Someone mentioned 2.5" PVC.
Why so big?
This looks like it can easily slip in through 2".


Sent from my iPhone using electriciantalk.com


----------



## backstay (Feb 3, 2011)

sparky723 said:


> Well, 5 spools (1900 lbs) of Rust (250-250-250-3/0) just got dropped off at my house. Someone mentioned 2.5" PVC. Why so big? This looks like it can easily slip in through 2". Sent from my iPhone using electriciantalk.com


If you do the fill calc, I think you will find 2 in too small.


----------



## dawgs (Dec 1, 2007)

sparky723 said:


> Well, 5 spools (1900 lbs) of Rust (250-250-250-3/0) just got dropped off at my house.
> Someone mentioned 2.5" PVC.
> Why so big?
> This looks like it can easily slip in through 2".
> ...


You will have to know the OD of the cable. Then look in your code book. PVC sch 40 at 53% fill is 1.744 sq. in. If your cable is smaller then 2" is fine.


----------



## dawgs (Dec 1, 2007)

dawgs said:


> You will have to know the OD of the cable. Then look in your code book. PVC sch 40 at 53% fill is 1.744 sq. in. If your cable is smaller then 2" is fine.
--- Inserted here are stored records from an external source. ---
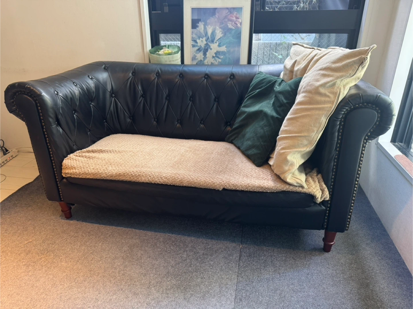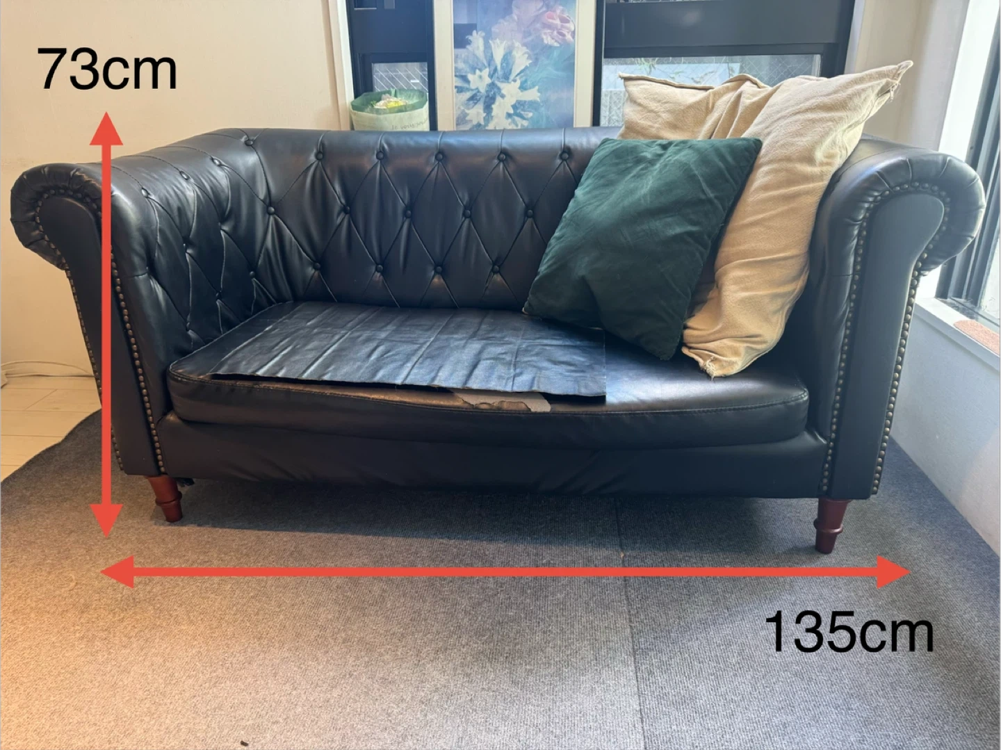 使用感あります。 清掃努力しますが、(座面が縫い付けられている仕様のため)ゴミが奥に挟まった状態での引き渡しとなります。 レザー修繕シート、クッション2つ、ブランケットが含まれます。 実物を確認の上受け取るかを決めたい!も歓迎です。 西新宿4丁目までお越しいただける日程をご連絡下さい。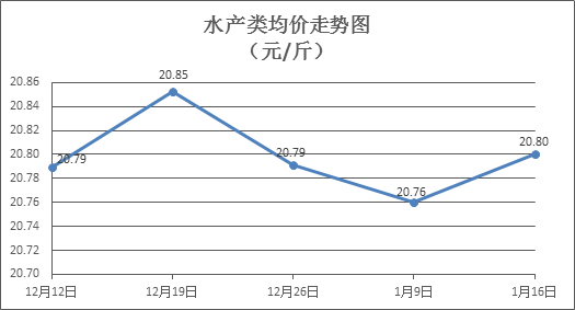 水产类商品价格窄幅盘整。本周所监测的10种水产商品价格波动情况为2涨5跌3平,综合均价为20.80元/斤,环比上涨0.22%。其中:草鱼、鲫鱼、罗非鱼、基围虾零售均价分别为每斤11.54元、14.31元、8.73元、39.48元,环比分别上涨1.45%、持平、上涨0.11%、上涨4.06%。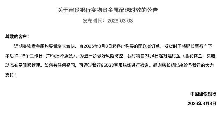 3月3日,建行发布公告称:因为实物贵金属购买数量增长较快,自3月3日起客户购买的配送类订单,发货时间将延长至客户下单后10-15个工作日(节假日不发货)。同时为了进一步做好风险防控,我行自3月4日起对建行金(含易存金)实施动态交易限额管理。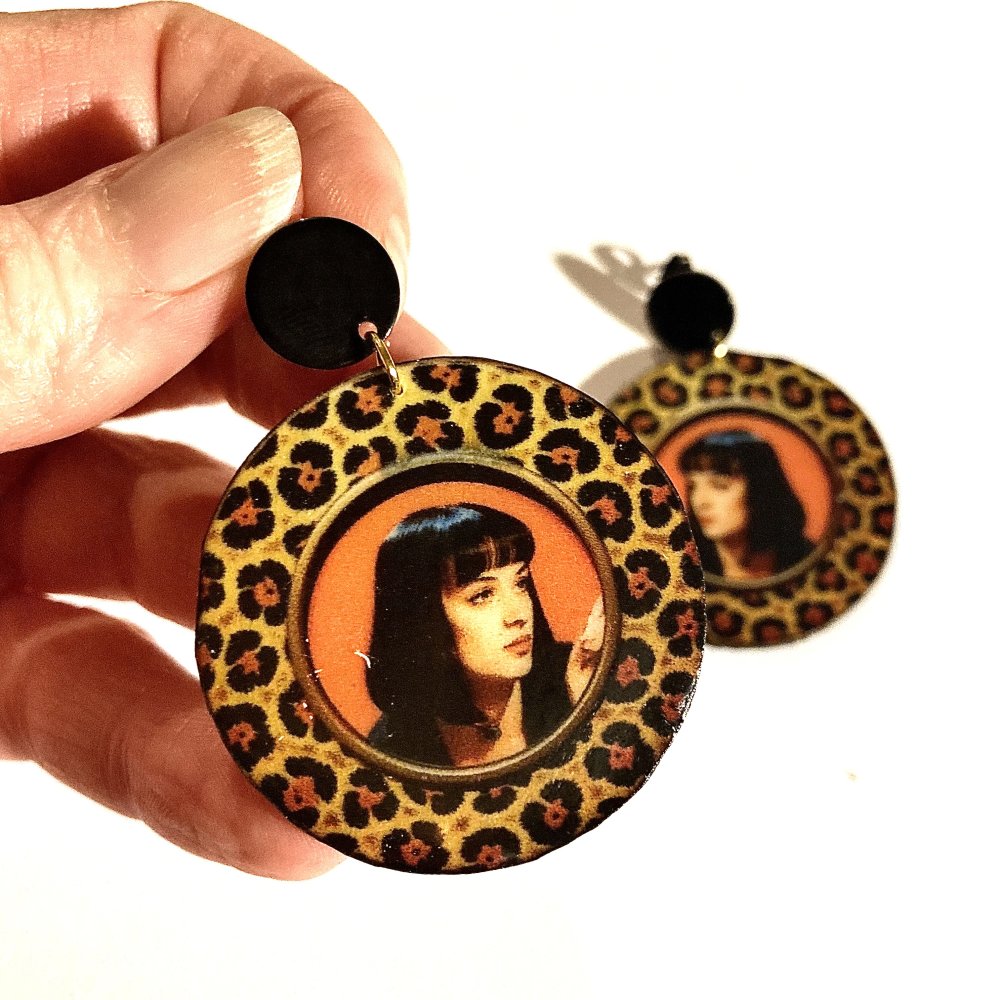 Boucles d’oreilles rondes en bois motif mia Wallace

My guess is your going to need 2-1/2".


----------



## minichopper6hp (Apr 19, 2014)

Also why make the pull harder than it has to be. The price difference on the pvc is minimal.


----------



## backstay (Feb 3, 2011)

200 amp 120/240 volt 1 ph, in aluminum is always 2-1/2 PVC for me. It doesn't matter if it's 4/0 or 250.


----------



## Cow (Jan 16, 2008)

I don't even like 4/0 AL in 2" so I wouldn't even consider running 250 AL in anything less than 2.5" regardless of what the pipe fill calc says.


----------